>>>
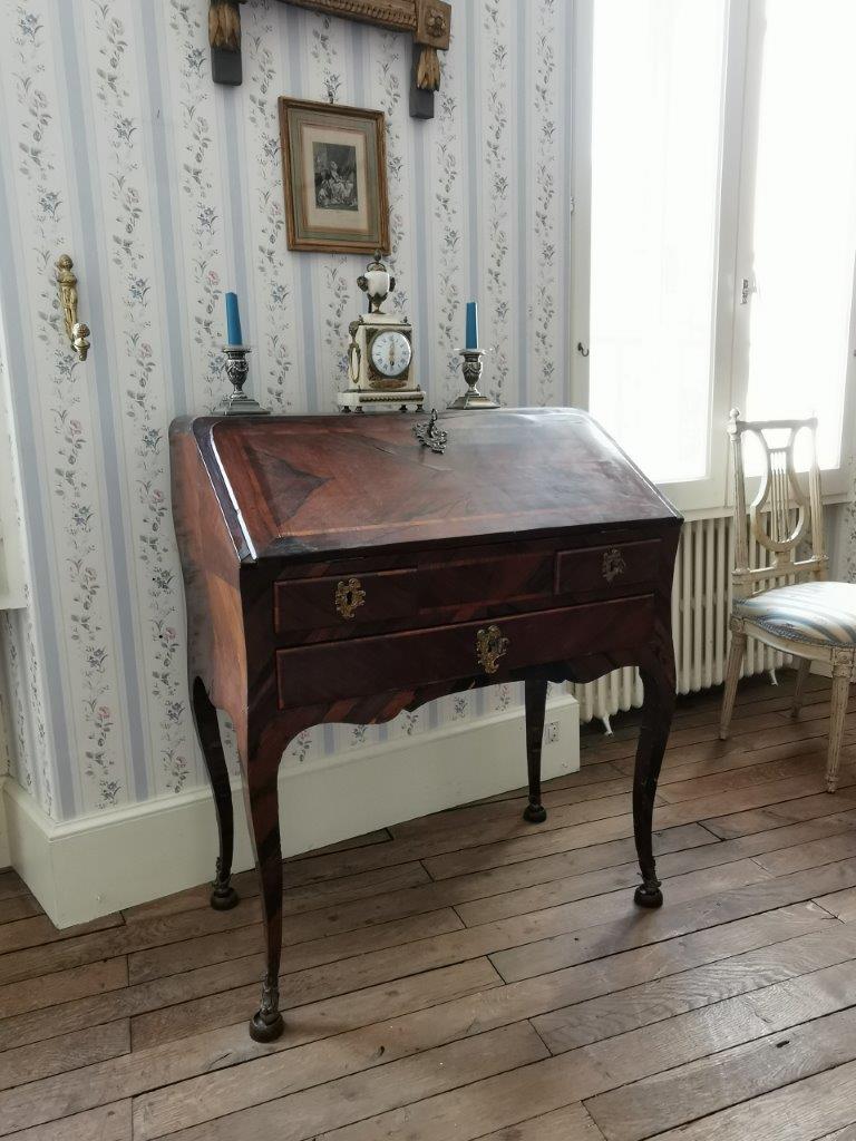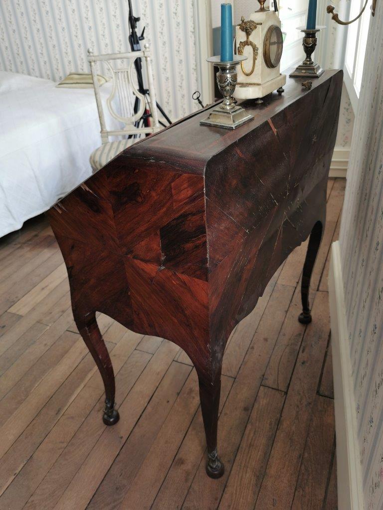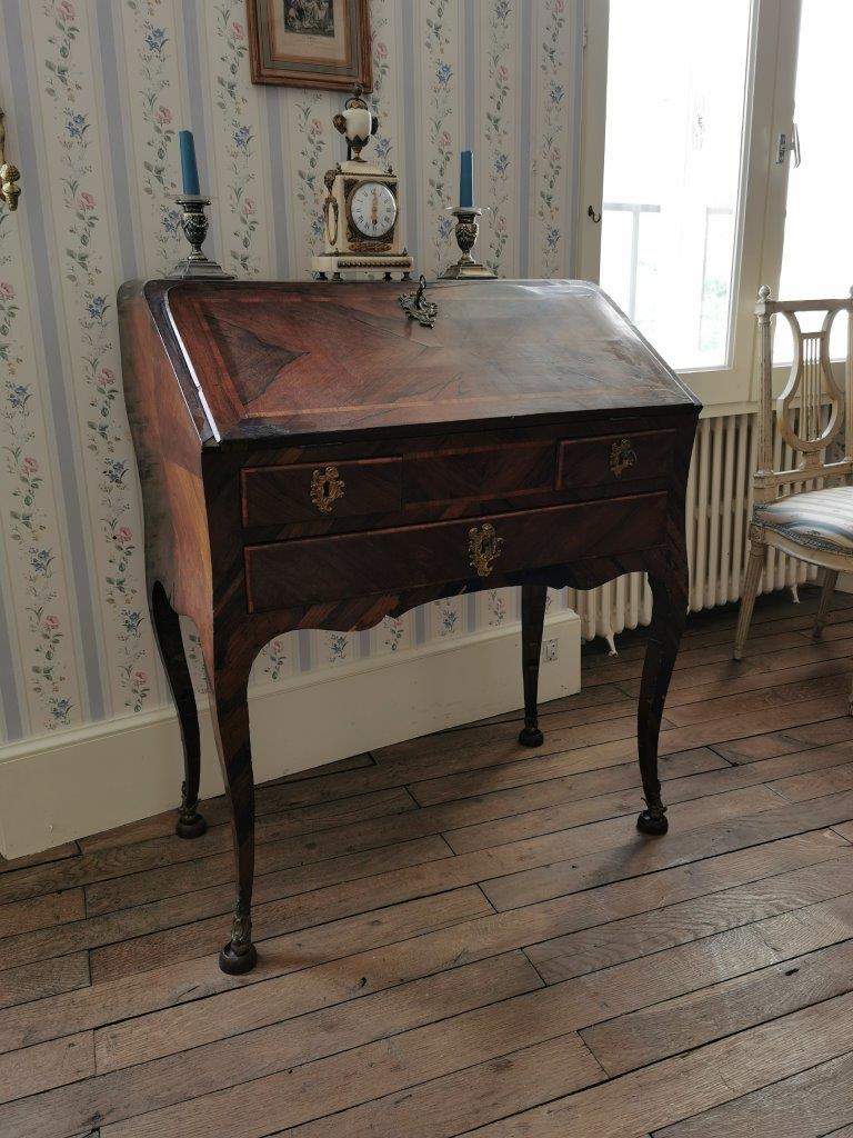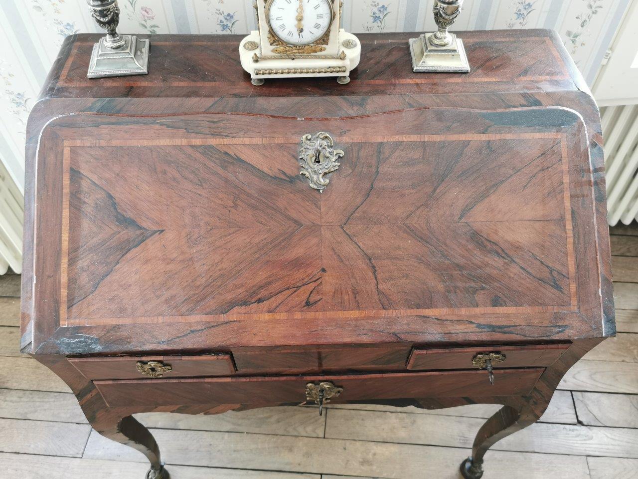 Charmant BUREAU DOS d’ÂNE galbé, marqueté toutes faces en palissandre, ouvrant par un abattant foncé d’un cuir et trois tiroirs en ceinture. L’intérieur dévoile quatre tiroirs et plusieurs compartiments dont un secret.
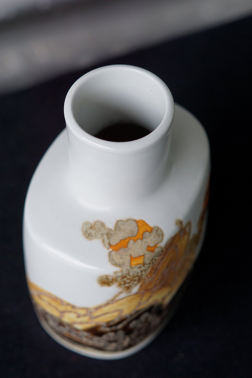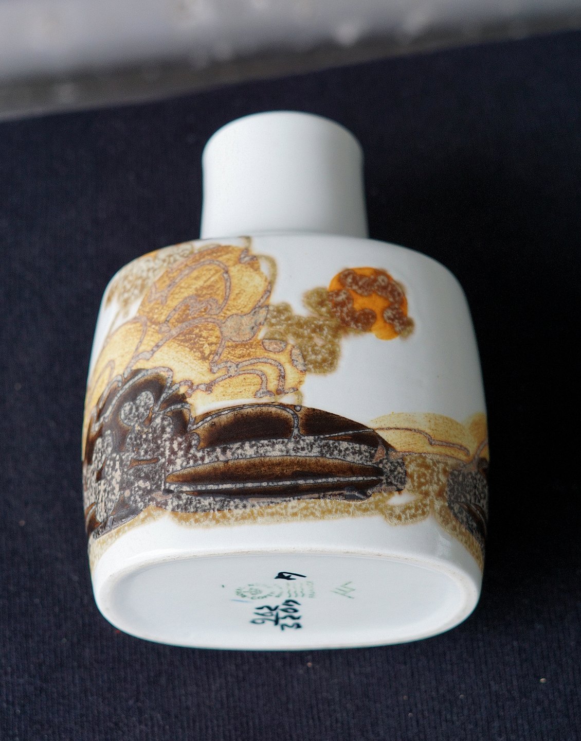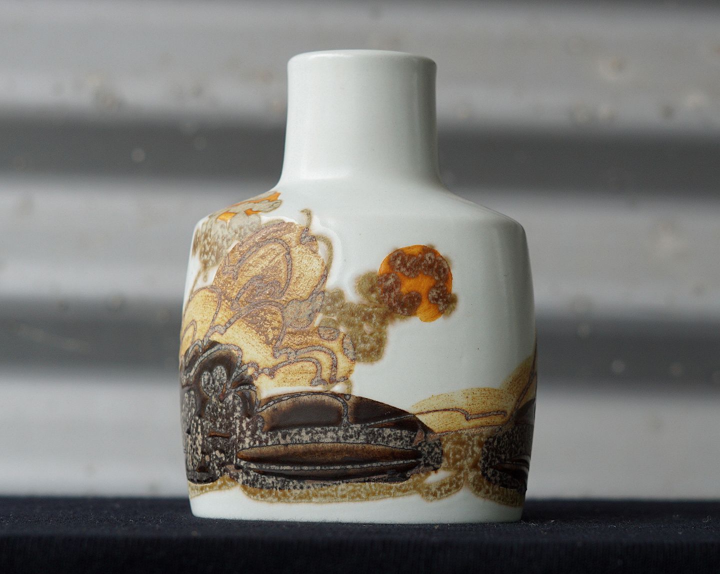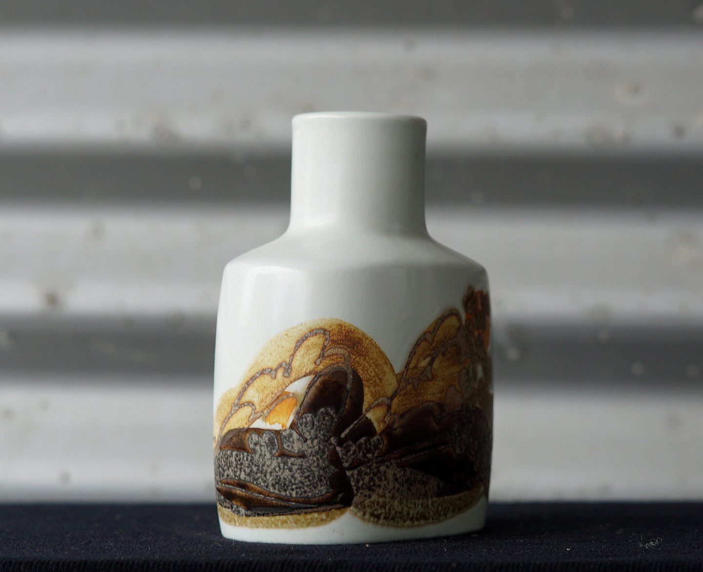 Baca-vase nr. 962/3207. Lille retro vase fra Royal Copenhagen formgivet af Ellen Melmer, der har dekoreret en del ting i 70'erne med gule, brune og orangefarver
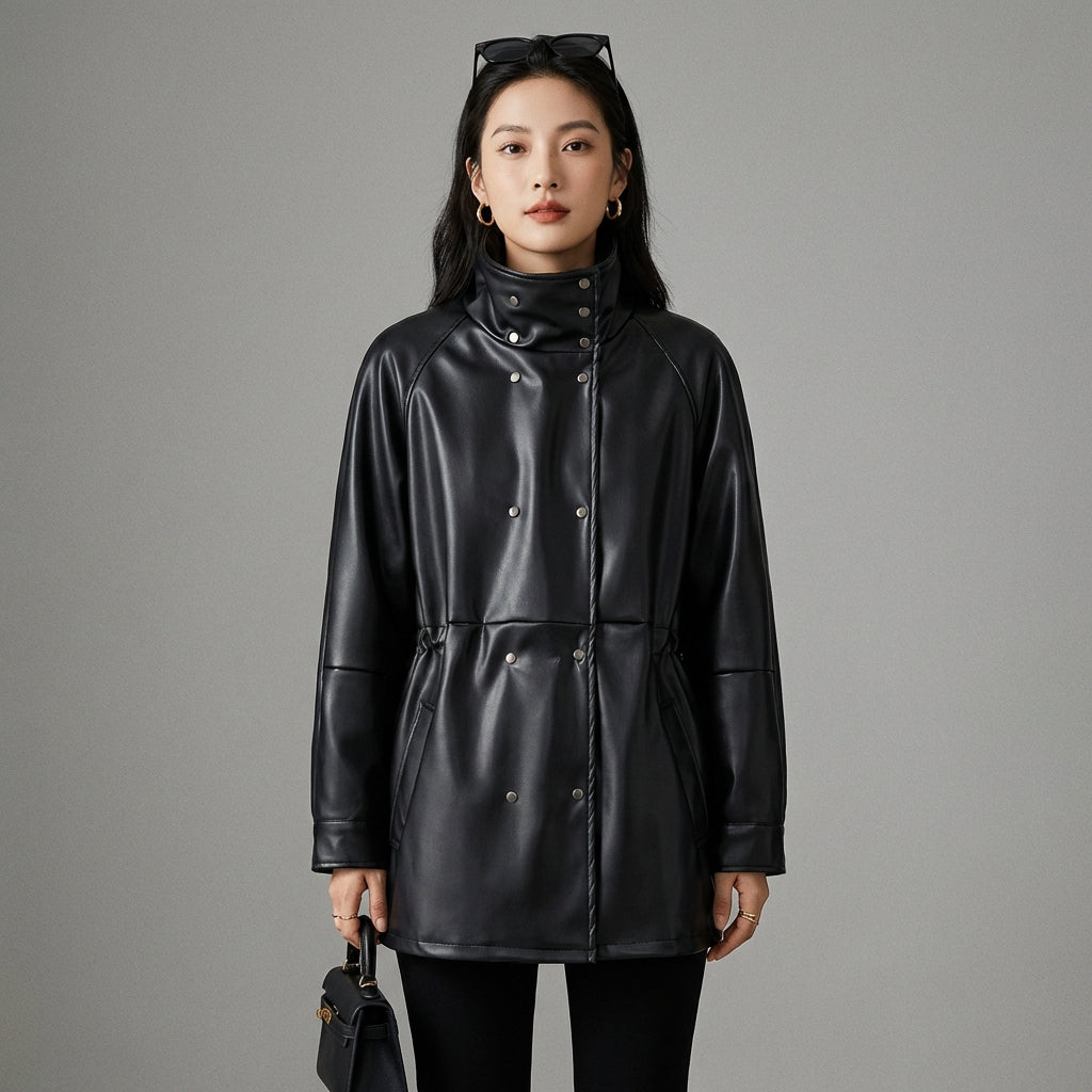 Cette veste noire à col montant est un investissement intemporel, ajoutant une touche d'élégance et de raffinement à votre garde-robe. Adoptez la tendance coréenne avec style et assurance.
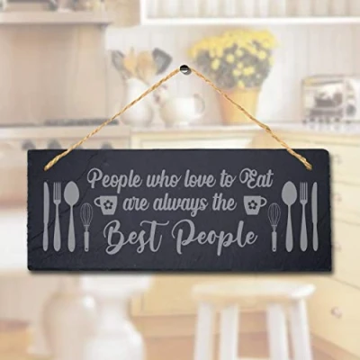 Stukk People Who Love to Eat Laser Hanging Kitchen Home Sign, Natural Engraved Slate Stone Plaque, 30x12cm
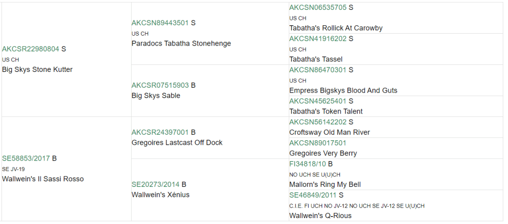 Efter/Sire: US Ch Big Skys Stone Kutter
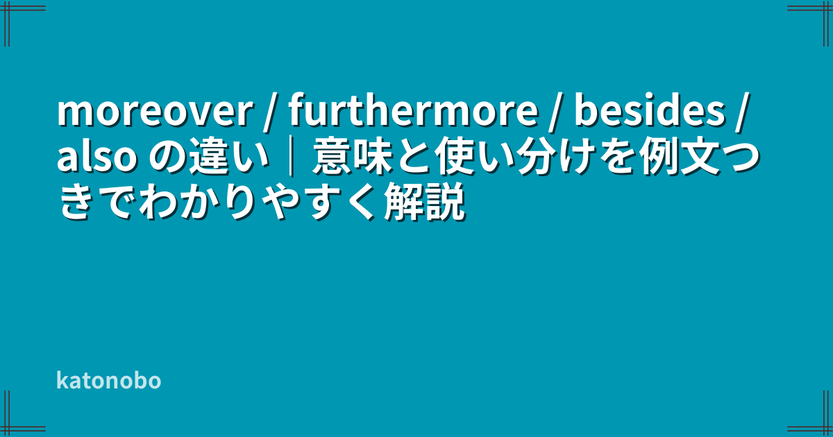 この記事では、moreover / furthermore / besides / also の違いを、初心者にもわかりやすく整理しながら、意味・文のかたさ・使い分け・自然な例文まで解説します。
<<<
### WORK ORDER
The lines from the one containing "Stukk People Who" through the end of the data above are to be copied exactly, both ends included, and pictures are to be omitted.

### RESULT OF THE EXERCISE
 Stukk People Who Love to Eat Laser Hanging Kitchen Home Sign, Natural Engraved Slate Stone Plaque, 30x12cm
 Efter/Sire: US Ch Big Skys Stone Kutter
 この記事では、moreover / furthermore / besides / also の違いを、初心者にもわかりやすく整理しながら、意味・文のかたさ・使い分け・自然な例文まで解説します。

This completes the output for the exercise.